▶ **PROBLEM DESCRIPTION**
Omitting all images, give the entries that follow again exactly as they read.

※ ※ ※

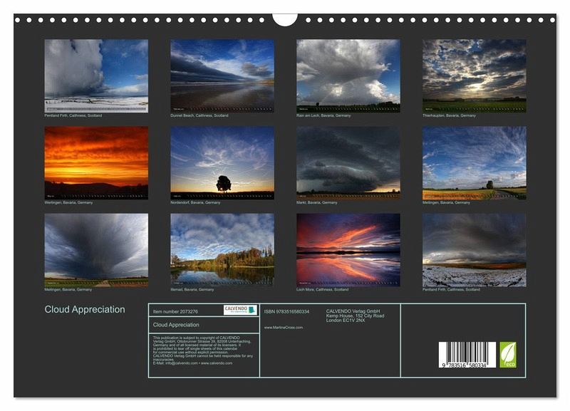 QUALITY - High-quality photo calendar with 12 beautiful images on light-resistant paper, robust spiral binding with hanger.SUSTAINABLE - Significant waste reduction due to print-on-demand production, environmentally friendly FSC-certified paper, produced in the UK, climate-conscious logistical processes.PERFECT GIFT - calendars for friends and family, for children, all ages and all occasions, from Christmas to birthdays and everything in between.LOTS OF CHOICE - Wall calendars in different sizes (DIN A4 and DIN A3), for any topic and personal taste, featuring photography, painting and illustrations.Enjoy and appreciate 12 different clouds throughout the year, author: Martina Cross
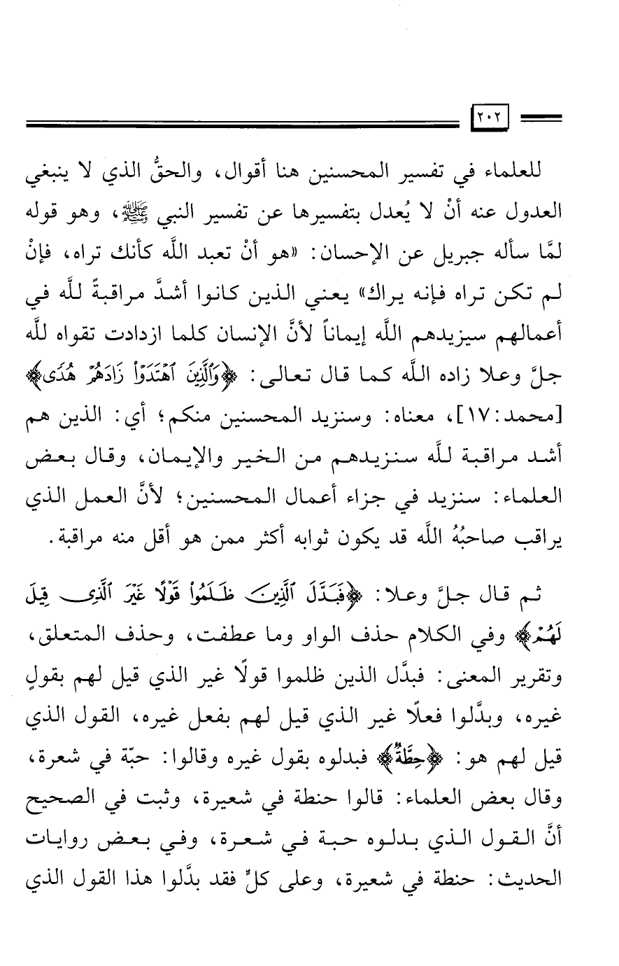 للعلماء في تفسير المحسنين هنا أقوال، والحقُّ الذي لا ينبغي العدول عنه أنْ لا يُعدل بتفسيرها عن تفسير النبي - صلى الله عليه وسلم -، وهو قوله لمَّا سأله جبريل عن الإحسان: "هو أنْ تعبد الله كأنك تراه، فإنْ لم تكن تراه فإنه يراك" يعني الذين كانوا أشدَّ مراقبةً لله في أعمالهم سيزيدهم الله إيمانًا لأن الإنسان كلما ازدادت تقواه لله جلَّ وعلا زاده الله كما قال تعالى: {وَالَّذِينَ اهْتَدَوْا زَادَهُمْ هُدًى} [محمد: 17]، معناه: وسنزيد المحسنين منكم؛ أي: الذين هم أشد مراقبة لله سنزيدهم من الخير والإيمان، وقال بعض العلماء: سنزيد في جزاء أعمال المحسنين؛ لأن العمل الذي يراقب صاحبُهُ الله قد يكون ثوابه أكثر ممن هو أقل منه مراقبة.
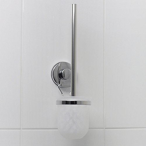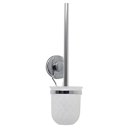 Suction cup toilet bowl cleaner holder with scrub brush and plastic cup for the bathroom
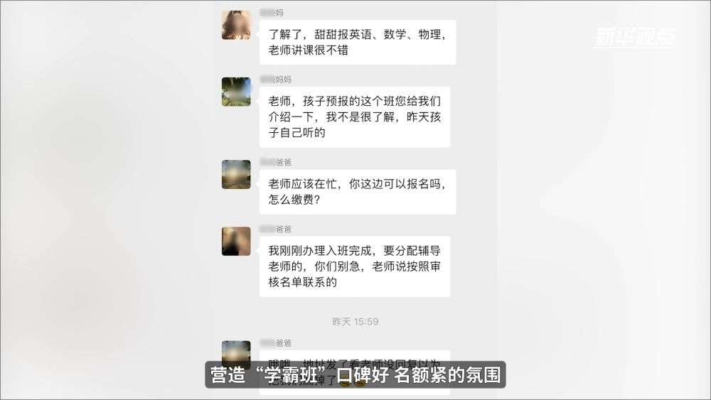 经过几天交流,助教老师开始推介其所在培训机构重点打造的“清北学霸班”,称其为“市面上能接触到最好的教育资源”,随后将记者拉入报名群中,并持续通过语音电话、留言等方式劝说记者报名。
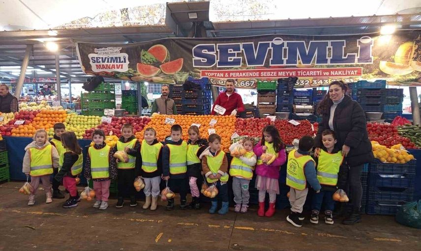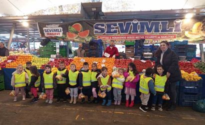 Okul Müdürü Mevlüt Torlakcık ve öğretmenler eşliğinde pazarı gezen minikler, tezgâhları dolaşıp yerli ürünleri tanıdı. Çocuklar hem küçük alışverişler yaptı hem de vatandaşlara yerli üretimin önemini anlatan broşürler dağıtarak farkındalık oluşturdu.
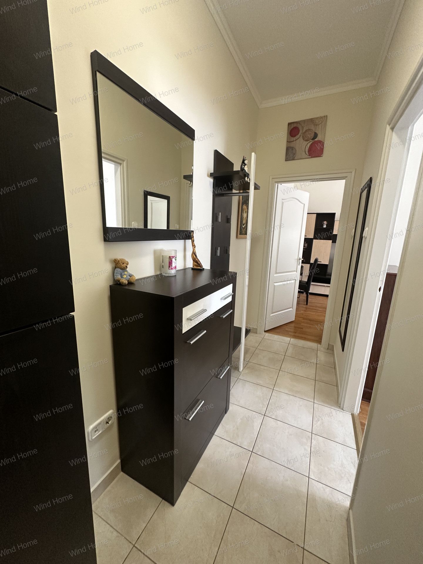 A rendezett, tiszta lépcsőházban található lakás teljesen bútorozott, új műszaki eszközökkel és bútorzattal felszerelve: többek között mosógép és mosogatógép is a felszereltség része.
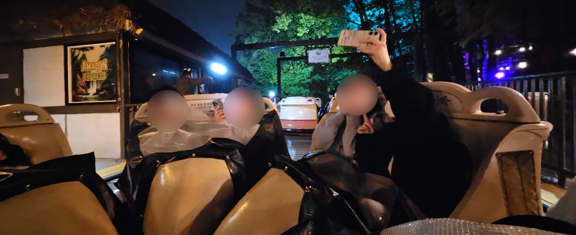 넓은 공원을 함께 걸으며 분위기를 즐기고, 친구들과 신나게 놀이기구도 탔습니다.
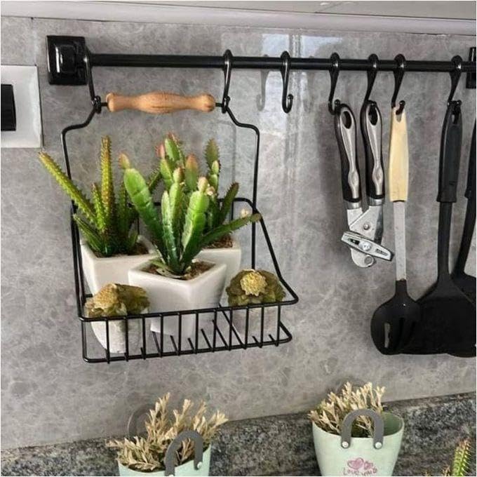 - مزود بخمسة خطافات على شكل حرف S، ويوفر خيارات تعليق متعددة الاستخدامات للأواني والمقالي والأواني وأدوات المطبخ الأخرى، مما يضمن سهولة الوصول والتنظيم الفعال.
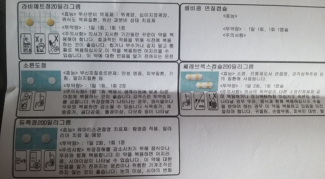 안녕하세요. 현재 루푸스 의심으로 첫번째 사진의 약을 복용하고 있습니다. 그런데 오늘 사랑니를 발치해서 두번째 사진의 약들을 처방받았는데, 같이 먹으면 안 되거나 중복된다 하는 약이 있을까요?
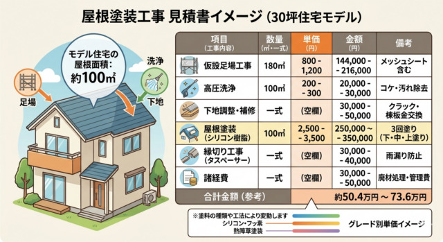屋根塗装の費用は、単純に塗料代だけで決まるわけではありません。実際には複数の費用が組み合わさって見積もりが構成されています。
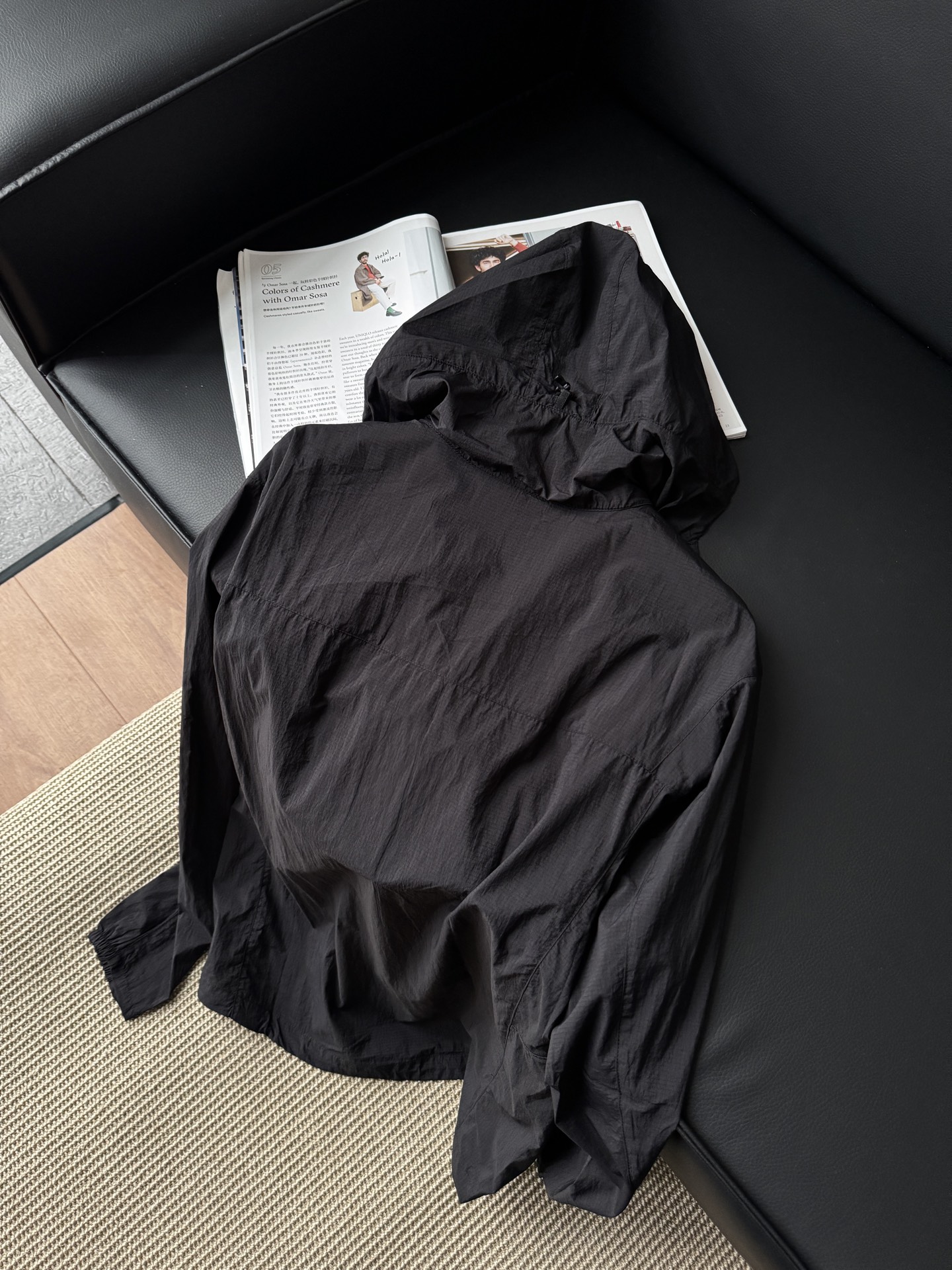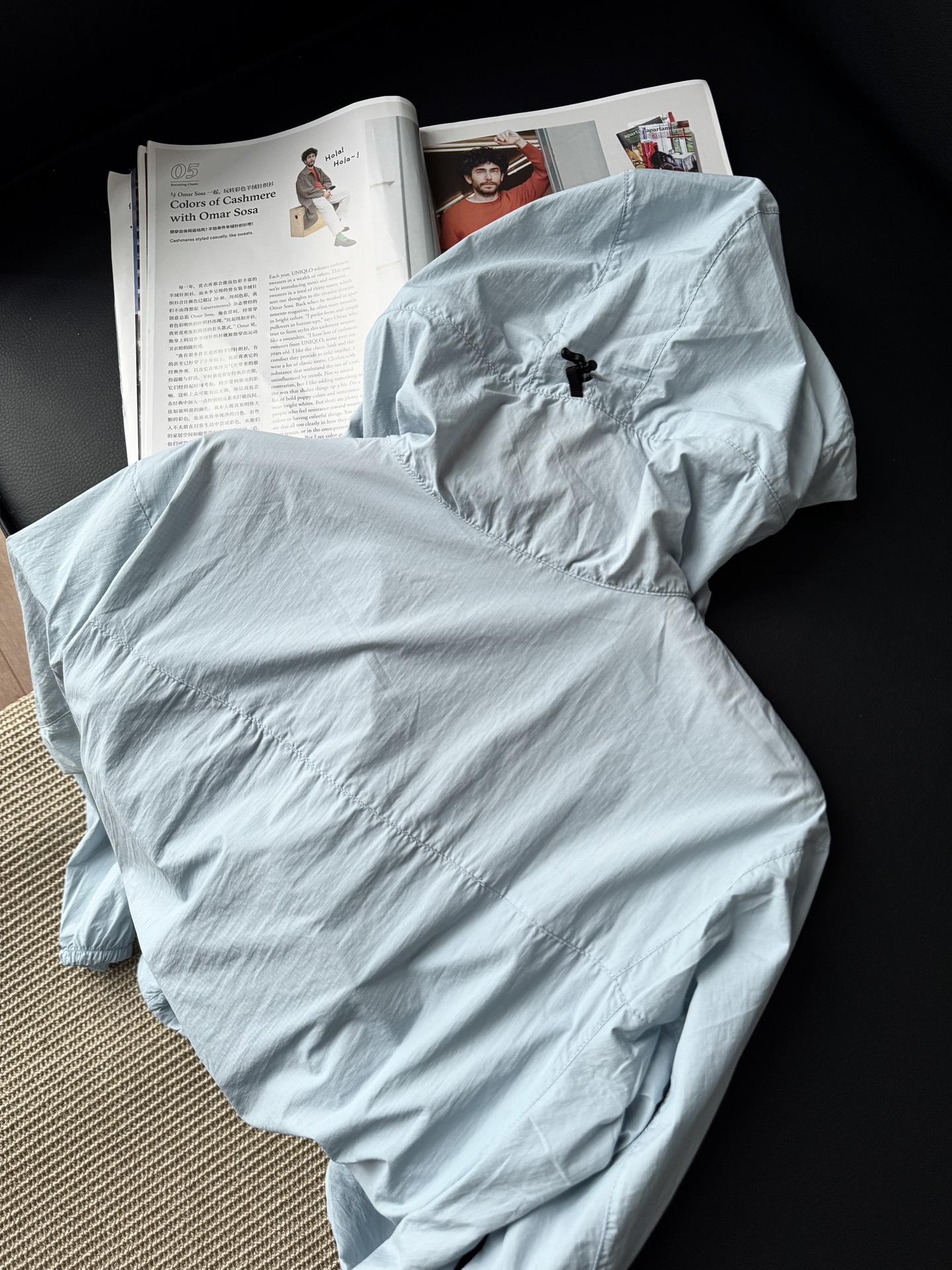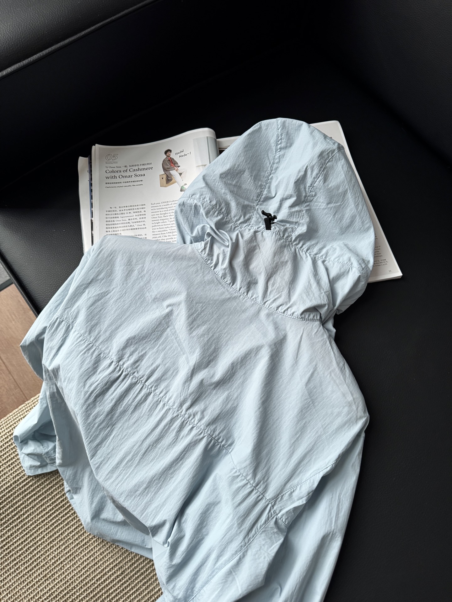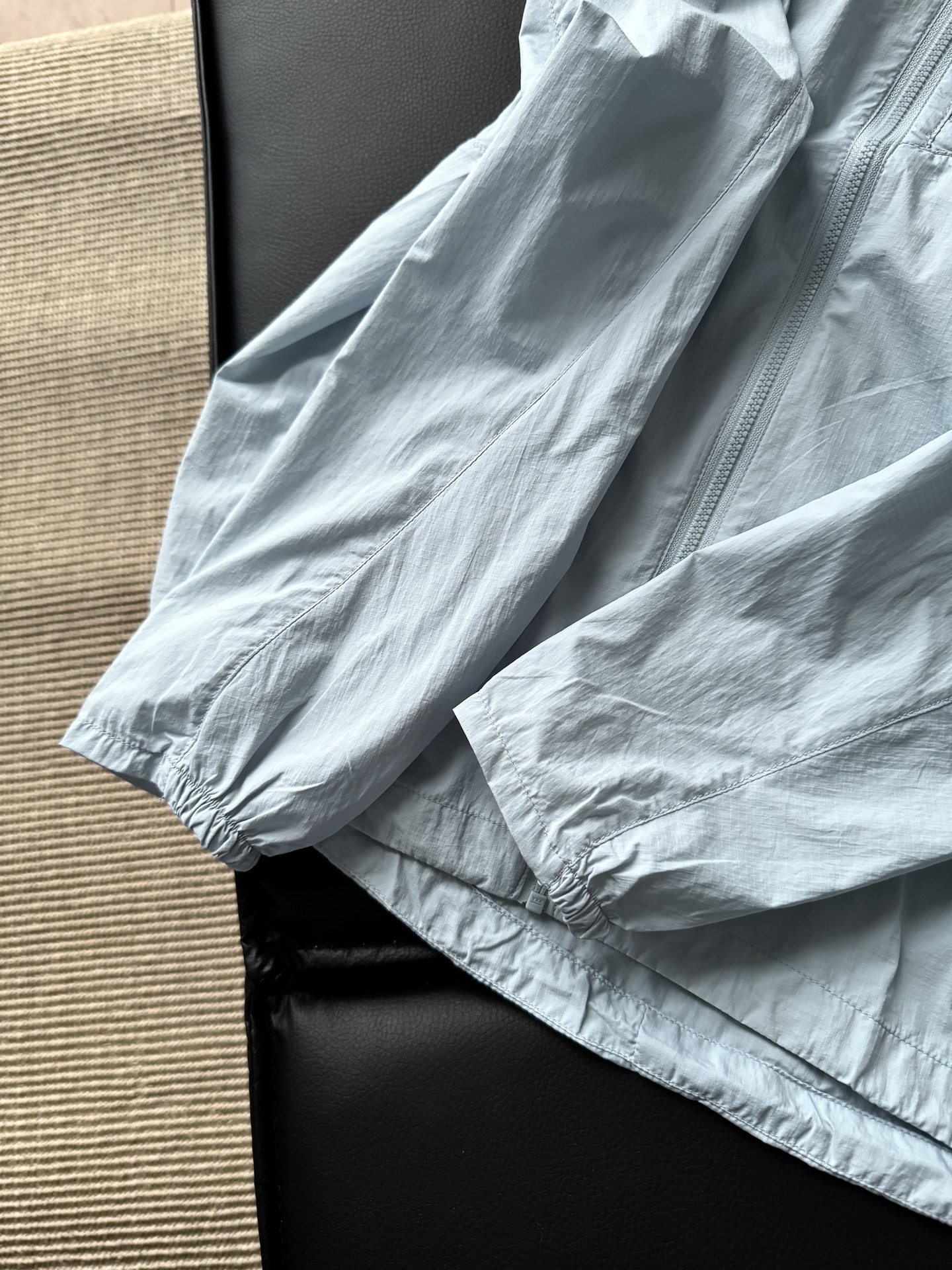 原面料 很经典的防护型防晒衣,UPF50+的防晒值,可以穿情侣款,超级实穿的防晒衣, 日常通勤,休闲运动、或者是户外徒步都OK,Tyono30防撕裂机织面料,表面都有暗格纹结构,轻量、防风、防雨、防撕裂防护性很好,户外小雨不用担心,透气、防潮不挑男女,上身酷飒十足,高级感满满的都市机能风, 胸前单侧做了拉链口袋 袖口,下摆都有收口工艺 下摆内里做有抽绳,可调节收紧半圈弹力袖口 舒适贴合手腕
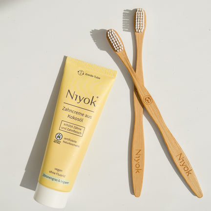Unsere Choosebrushes bestehen aus schnell nachwachsenden, natürlichen Bambus und Borsten aus Rizinusöl.
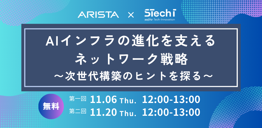 | 12:30〜12:45 | STech IのAI基盤検証結果を大公開(15分) 本セッションでは、当社エンジニアがアリスタ製品を使って行った検証についてご紹介します。 |
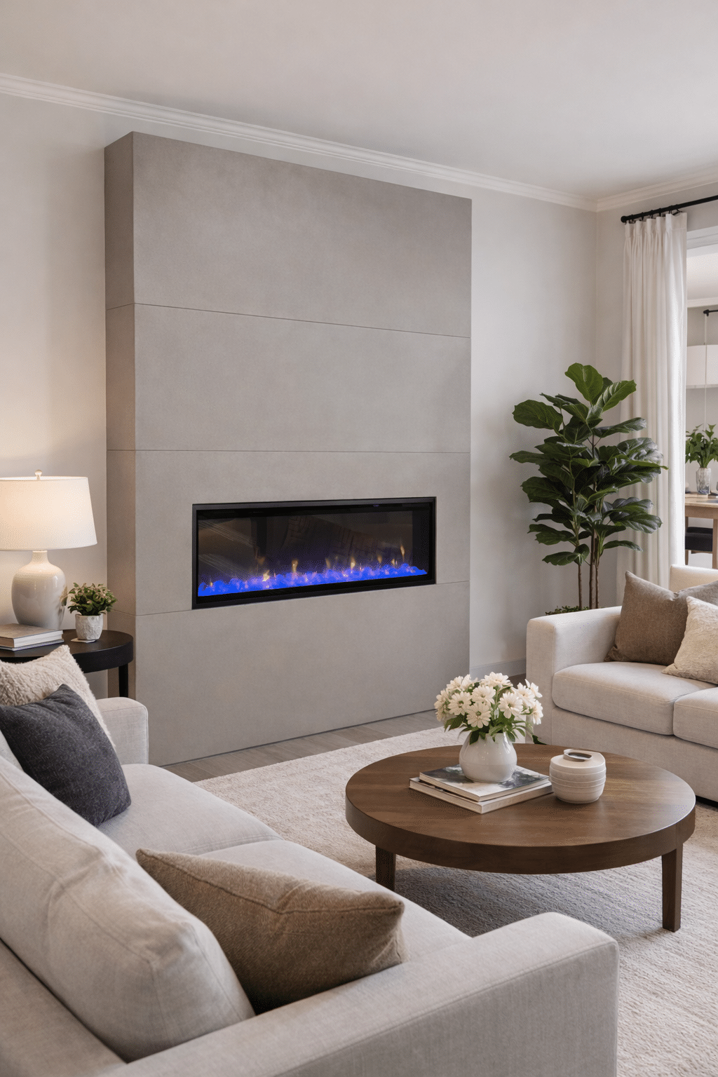 Modern Electric Concrete Fireplace – Includes Framework + Linear Insert
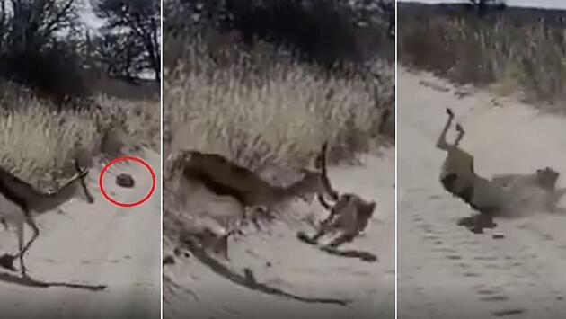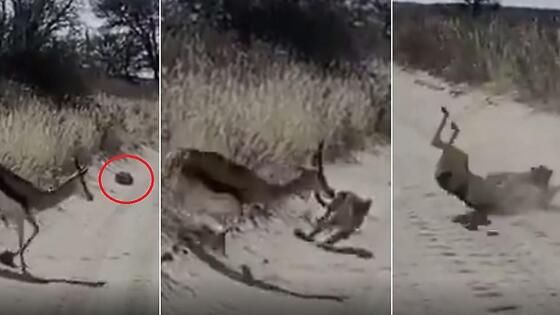 Туристы, устроившие слежку за хищной кошкой, затаившейся на пыльной дороге, не стали мешать ей охотиться и спасать парнокопытного обитателя заповедника. Один из путешественников запечатлел, как антилопы одна за другой, осматриваясь по сторонам, переходят опасный участок пути. Когда три парнокопытных диких зверя пересекли дорогу, лежащий недалеко неприметный комок вдруг ожил и оказался леопардом, который совершил атаку на четвёртую антилопу и не оставил ей никаких шансов на спасение.

※ ※ ※

▶ **SOLUTION TO THIS TASK**
 QUALITY - High-quality photo calendar with 12 beautiful images on light-resistant paper, robust spiral binding with hanger.SUSTAINABLE - Significant waste reduction due to print-on-demand production, environmentally friendly FSC-certified paper, produced in the UK, climate-conscious logistical processes.PERFECT GIFT - calendars for friends and family, for children, all ages and all occasions, from Christmas to birthdays and everything in between.LOTS OF CHOICE - Wall calendars in different sizes (DIN A4 and DIN A3), for any topic and personal taste, featuring photography, painting and illustrations.Enjoy and appreciate 12 different clouds throughout the year, author: Martina Cross
 للعلماء في تفسير المحسنين هنا أقوال، والحقُّ الذي لا ينبغي العدول عنه أنْ لا يُعدل بتفسيرها عن تفسير النبي - صلى الله عليه وسلم -، وهو قوله لمَّا سأله جبريل عن الإحسان: "هو أنْ تعبد الله كأنك تراه، فإنْ لم تكن تراه فإنه يراك" يعني الذين كانوا أشدَّ مراقبةً لله في أعمالهم سيزيدهم الله إيمانًا لأن الإنسان كلما ازدادت تقواه لله جلَّ وعلا زاده الله كما قال تعالى: {وَالَّذِينَ اهْتَدَوْا زَادَهُمْ هُدًى} [محمد: 17]، معناه: وسنزيد المحسنين منكم؛ أي: الذين هم أشد مراقبة لله سنزيدهم من الخير والإيمان، وقال بعض العلماء: سنزيد في جزاء أعمال المحسنين؛ لأن العمل الذي يراقب صاحبُهُ الله قد يكون ثوابه أكثر ممن هو أقل منه مراقبة.
 Suction cup toilet bowl cleaner holder with scrub brush and plastic cup for the bathroom
 经过几天交流,助教老师开始推介其所在培训机构重点打造的“清北学霸班”,称其为“市面上能接触到最好的教育资源”,随后将记者拉入报名群中,并持续通过语音电话、留言等方式劝说记者报名。
 Okul Müdürü Mevlüt Torlakcık ve öğretmenler eşliğinde pazarı gezen minikler, tezgâhları dolaşıp yerli ürünleri tanıdı. Çocuklar hem küçük alışverişler yaptı hem de vatandaşlara yerli üretimin önemini anlatan broşürler dağıtarak farkındalık oluşturdu.
 A rendezett, tiszta lépcsőházban található lakás teljesen bútorozott, új műszaki eszközökkel és bútorzattal felszerelve: többek között mosógép és mosogatógép is a felszereltség része.
 넓은 공원을 함께 걸으며 분위기를 즐기고, 친구들과 신나게 놀이기구도 탔습니다.
 - مزود بخمسة خطافات على شكل حرف S، ويوفر خيارات تعليق متعددة الاستخدامات للأواني والمقالي والأواني وأدوات المطبخ الأخرى، مما يضمن سهولة الوصول والتنظيم الفعال.
 안녕하세요. 현재 루푸스 의심으로 첫번째 사진의 약을 복용하고 있습니다. 그런데 오늘 사랑니를 발치해서 두번째 사진의 약들을 처방받았는데, 같이 먹으면 안 되거나 중복된다 하는 약이 있을까요?
屋根塗装の費用は、単純に塗料代だけで決まるわけではありません。実際には複数の費用が組み合わさって見積もりが構成されています。
 原面料 很经典的防护型防晒衣,UPF50+的防晒值,可以穿情侣款,超级实穿的防晒衣, 日常通勤,休闲运动、或者是户外徒步都OK,Tyono30防撕裂机织面料,表面都有暗格纹结构,轻量、防风、防雨、防撕裂防护性很好,户外小雨不用担心,透气、防潮不挑男女,上身酷飒十足,高级感满满的都市机能风, 胸前单侧做了拉链口袋 袖口,下摆都有收口工艺 下摆内里做有抽绳,可调节收紧半圈弹力袖口 舒适贴合手腕
Unsere Choosebrushes bestehen aus schnell nachwachsenden, natürlichen Bambus und Borsten aus Rizinusöl.
 | 12:30〜12:45 | STech IのAI基盤検証結果を大公開(15分) 本セッションでは、当社エンジニアがアリスタ製品を使って行った検証についてご紹介します。 |
 Modern Electric Concrete Fireplace – Includes Framework + Linear Insert
 Туристы, устроившие слежку за хищной кошкой, затаившейся на пыльной дороге, не стали мешать ей охотиться и спасать парнокопытного обитателя заповедника. Один из путешественников запечатлел, как антилопы одна за другой, осматриваясь по сторонам, переходят опасный участок пути. Когда три парнокопытных диких зверя пересекли дорогу, лежащий недалеко неприметный комок вдруг ожил и оказался леопардом, который совершил атаку на четвёртую антилопу и не оставил ей никаких шансов на спасение.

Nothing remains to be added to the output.